Gunnarsson, TP, Ehlers, TS, Baasch-Skytte, T, Lund, AP, Tamariz-Ellemann, A, Gliemann, L, Nyberg, M, Bangsbo, J
American journal of physiology. Regulatory, integrative and comparative physiology. 2020;(6):R712-R723
Abstract
The menopausal transition is associated with increased prevalence of hypertension, and in time, postmenopausal women (PMW) will exhibit a cardiovascular disease risk score similar to male counterparts. Hypertension is associated with vascular dysfunction, but whether hypertensive (HYP) PMW have blunted nitric oxide (NO)-mediated leg vasodilator responsiveness and whether this is reversible by high-intensity training (HIT) is unknown. To address these questions, we examined the leg vascular conductance (LVC) in response to femoral infusion of acetylcholine (ACh) and sodium nitroprusside (SNP) and skeletal muscle markers of oxidative stress and NO bioavailability before and after HIT in PMW [12.9 ± 6.0 (means ± SD) years since last menstrual cycle]. We hypothesized that ACh- and SNP-induced LVC responsiveness was reduced in hypertensive compared with normotensive (NORM) PMW and that 10 wk of HIT would reverse the blunted LVC response and decrease blood pressure (BP).
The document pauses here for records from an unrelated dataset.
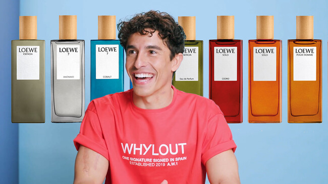 Durante una entrevista para el canal de YouTube de GQ, Márquez enumeró los esenciales que siempre lleva consigo, y entre ellos, destaca un perfume masculino que considera "muy limpio": el 7 de Loewe.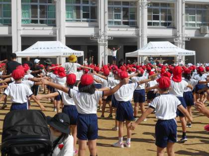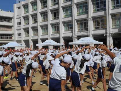 代表の児童が前に並び、下級生のお手本となって、体操をすることができました。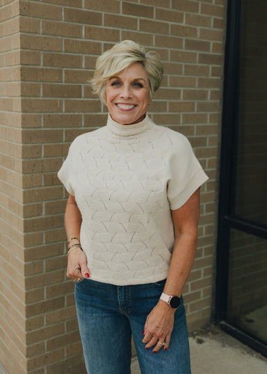 Cozy meets cool in this textured mock neck sweater with playful half sleeves. Perfect for layering or wearing solo, its unique texture adds a fun t...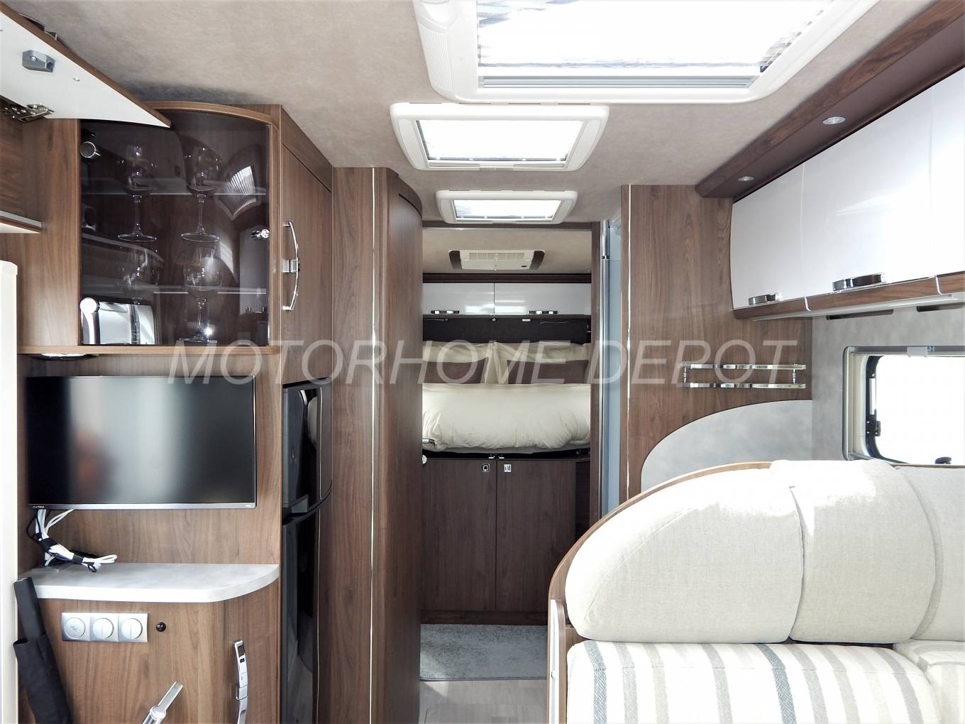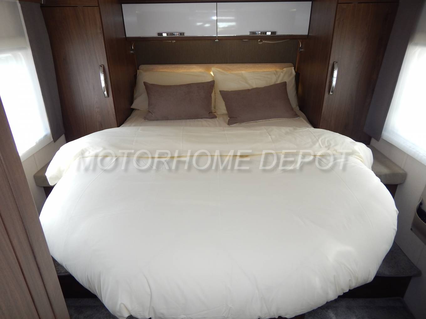 To the rear is the main bedroom with a large island bed, this can be reclined electrically during the day for extra space and to allow reading in bed, at night it extends to its maximum extension or night mode. Either side of the bed are his & hers wardrobes with extending hanging rail and interior lighting.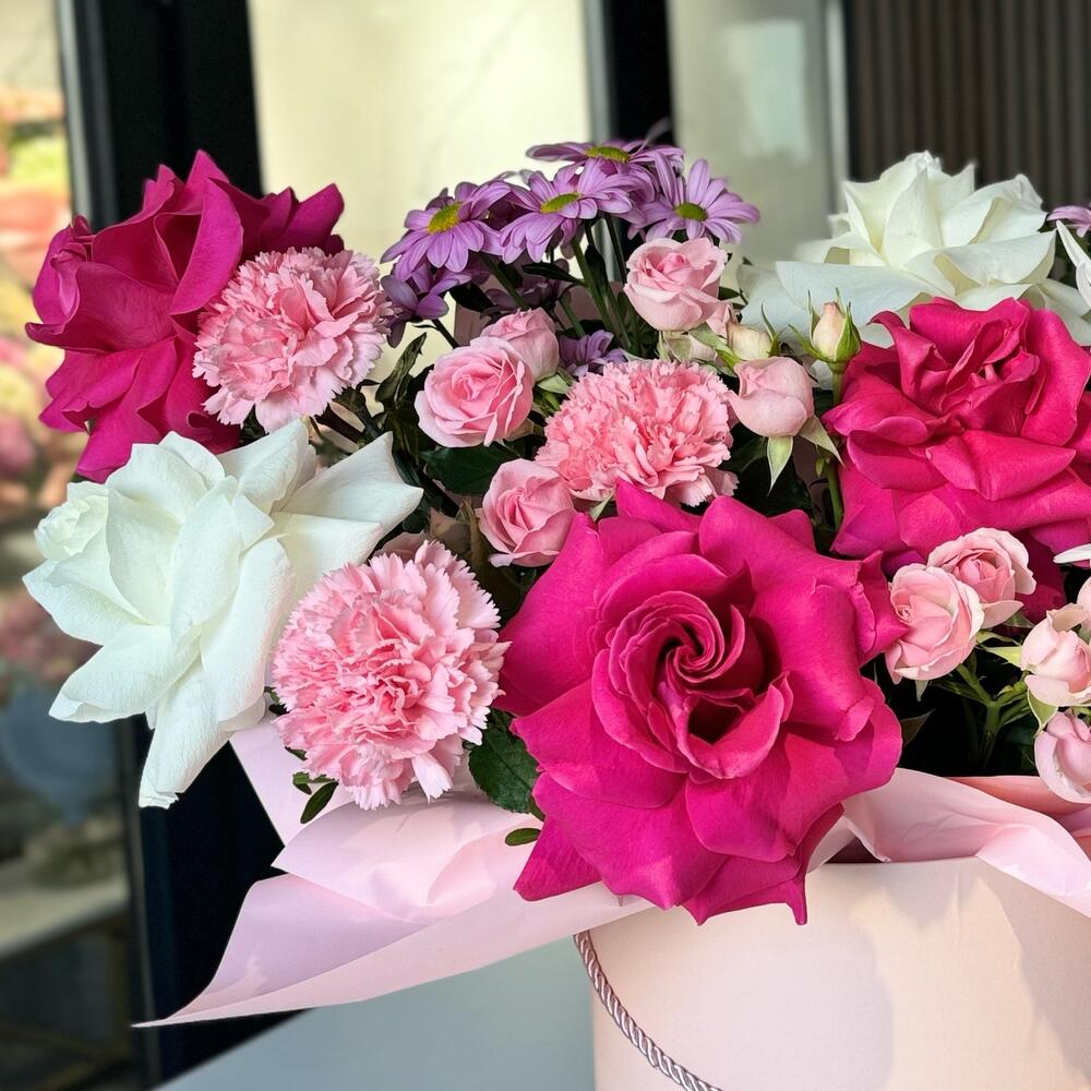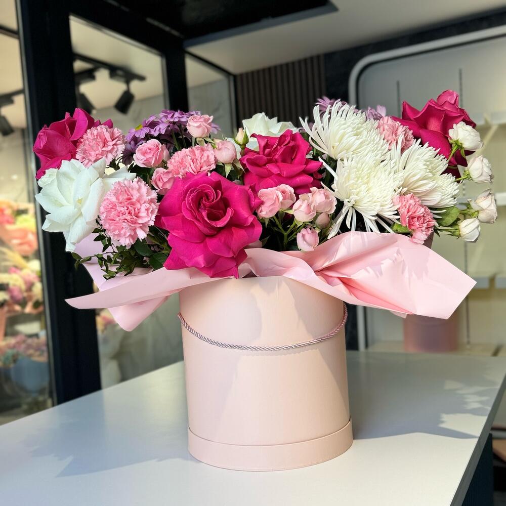 Хризантема кустовая - 2 шт. Гвоздика - 5 шт. Коробка шляпная большая - 1 шт. Хризантема одноголовая белая - 3 шт. Спрей роза - 3 шт. розы - 6 шт.

Nine hypertensive (HYP (clinical systolic/diastolic BP, 149 ± 11/91 ± 83 mmHg) and eight normotensive (NORM (122 ± 13/75 ± 8 mmHg) PMW completed 10 wk of biweekly small-sided floorball training (4-5 × 3-5 min interspersed by 1-3-min rest periods). Before training, the SNP-induced change in LVC was lower (P < 0.05) in HYP compared with in NORM. With training, the ACh- and SNP-induced change in LVC at maximal infusion rates, i.e., 100 and 6 µg·min-1·kg leg mass-1, respectively, improved (P < 0.05) in HYP only. Furthermore, training decreased (P < 0.05) clinical systolic/diastolic BP (-15 ± 11/-9 ± 7 mmHg) in HYP and systolic BP (-10 ± 9 mmHg) in NORM. Thus, the SNP-mediated LVC responsiveness was blunted in HYP PMW and reversed by a period of HIT that was associated with a marked decrease in clinical BP.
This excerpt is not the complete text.